The data has been predicted, and the probability of the results being correctly predicted has also been obtained. Next, we will display the prediction results.

In [5]:
# Iterate through each data points
for i, score in enumerate(y_new_test):
  if score == 0:            # To predict Demented class
    prediction = 'Demented'
    print(f"Prediction for subject {test_df.loc[i,'Subject ID']}: {prediction} with a probability of {probability_percentage[i,0]:.2f}%")
  if score == 1:            # To predict Non-Demented class
    prediction = 'Non-Demented'
    print(f"Prediction for subject {test_df.loc[i,'Subject ID']}: {prediction} with a probability of {probability_percentage[i,1]:.2f}%")

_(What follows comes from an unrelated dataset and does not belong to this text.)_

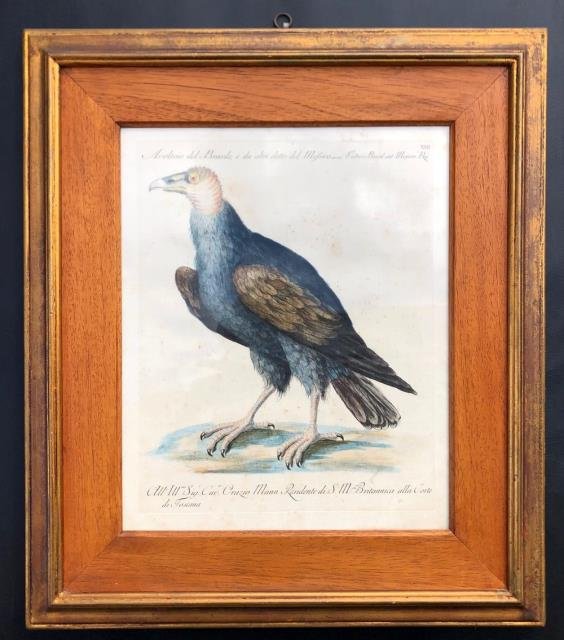 Firenze, Stamperia Mouckiana, 1770 circa. Acquaforte, colore d'epoca, cm 27,5 x 34,5 circa (alla lastra) più ampi margini. Tavola XIII. Bella calcografia proveniente dalla "Storia naturale degli Uccelli", di Saverio Manetti, Lorenzo Lorenzi e Violante Vanni, stampata a Firenze dal 1767 al 1776. Il Manetti, medico e direttore dell'Orto Botanico di Firenze dal 1749 al 1782, fu il curatore dell'opera: responsabile del testo, della nomenclatura delle specie e della distribuzione; l'abate Lorenzo Lorenzi e Violante Vanni (una delle poche donne a lavorare in questo campo) disegnarono, incisero e colorarono a mano le tavole. Il risultato fu questa importante opera di ornitologia, la migliore realizzata fino a quel momento. Ottime condizioni.

Prediction for subject OAS2_0002: Demented with a probability of 91.96%
Prediction for subject OAS2_0009: Demented with a probability of 91.94%
Prediction for subject OAS2_0017: Non-Demented with a probability of 97.37%
Prediction for subject OAS2_0045: Non-Demented with a probability of 97.37%
Prediction for subject OAS2_0056: Non-Demented with a probability of 97.37%
Prediction for subject OAS2_0054: Demented with a probability of 91.96%


## **D. Conclusion**

To conclude, the model has accurately predicted all six data points, which included three data points in the Demented class and three data points in the Non-Demented class.